The legal sector, once feared to be disrupted drastically by AI, is now embracing large language model (LLM) technology through strategic collaborations between law firms and AI developers. Freshfields and Anthropic have launched a co-innovation program to build and deploy agentic AI workflows that enhance legal service delivery across global offices.

  • Freshfields and Anthropic co-develop AI workflows to enhance legal services
  • Focus on building agentic AI to handle complex, multi-step legal tasks
  • Thomson Reuters targets ‘fiduciary-grade AI’ for regulated legal and financial work

What happened

Freshfields, an international law firm, has partnered with Anthropic to integrate and co-develop large language model (LLM) based workflows tailored for legal practice. Their joint initiative focuses on creating AI-native legal services by embedding Anthropic’s Claude LLM technology into Freshfields’ proprietary AI platforms, currently serving thousands of users globally.

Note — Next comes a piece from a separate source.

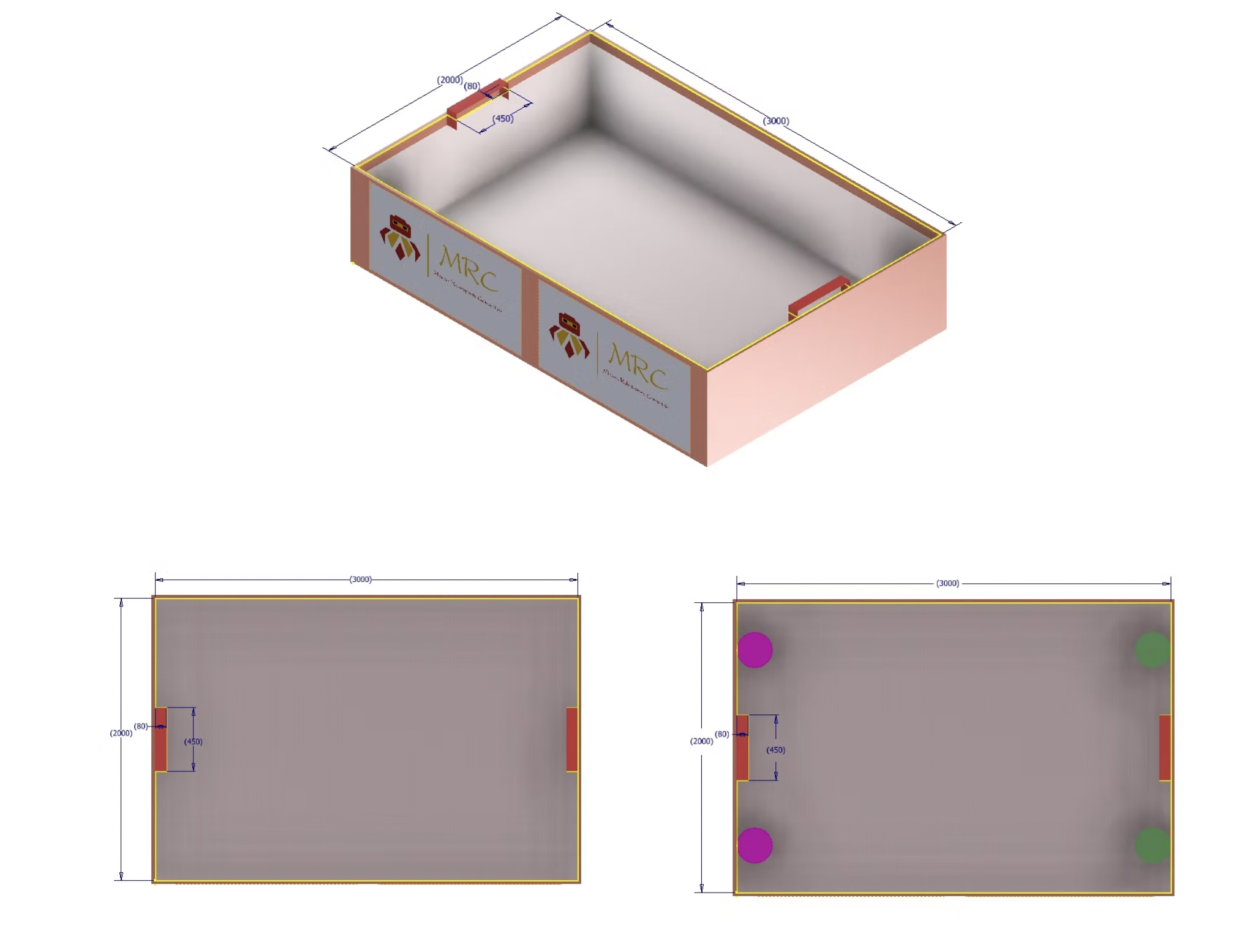- حول المحيط، يوجد إطار بسمك 2.5 سم لسلامة الروبوتات، وارتفاع الإطار هو 10 سم فوق مستوى الماء.

This collaboration is not just about tool adoption but involves co-innovation, where in-house legal and AI teams work closely to design agentic workflows capable of managing end-to-end, multi-step legal tasks. The initiative aims to provide lawyers with secure, efficient AI-powered processes that leverage institutional knowledge to support client work across all Freshfields offices.

Why it matters

The legal industry has long been cautious about AI replacing professional legal work due to the high stakes and complexity involved. By focusing on co-developed, domain-specific AI solutions, firms like Freshfields are addressing these concerns directly, enabling AI to complement rather than replace human expertise. This reduces risks related to errors and trust, which are critical in legal and regulatory environments.

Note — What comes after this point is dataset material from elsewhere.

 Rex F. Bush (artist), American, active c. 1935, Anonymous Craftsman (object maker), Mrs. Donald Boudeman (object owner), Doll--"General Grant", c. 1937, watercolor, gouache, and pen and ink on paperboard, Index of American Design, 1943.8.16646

Similarly, Thomson Reuters is advancing its legal AI offerings with ‘fiduciary-grade AI,’ specifically designed to meet the rigorous demands of law, tax, and audit tasks where errors have severe consequences. This approach seeks to create deterministic AI tools whose outputs legal professionals can reliably verify and stand behind, contrasting with general-purpose AI models prone to probabilistic errors.

What to watch next

Over the next year, the collaboration between Freshfields and Anthropic will be a key development to monitor as their co-developed workflows are iterated and scaled for broader legal use. The success of these agentic AI applications could set new standards for AI integration in complex professional services and encourage wider adoption by other law firms.

Additionally, how Thomson Reuters progresses with its fiduciary-grade AI and integrates its proprietary LLM within legal and financial services will be important for the market. These developments will help define the competitive landscape for AI-powered legal technology and shape expectations around performance, compliance, and professional reliability.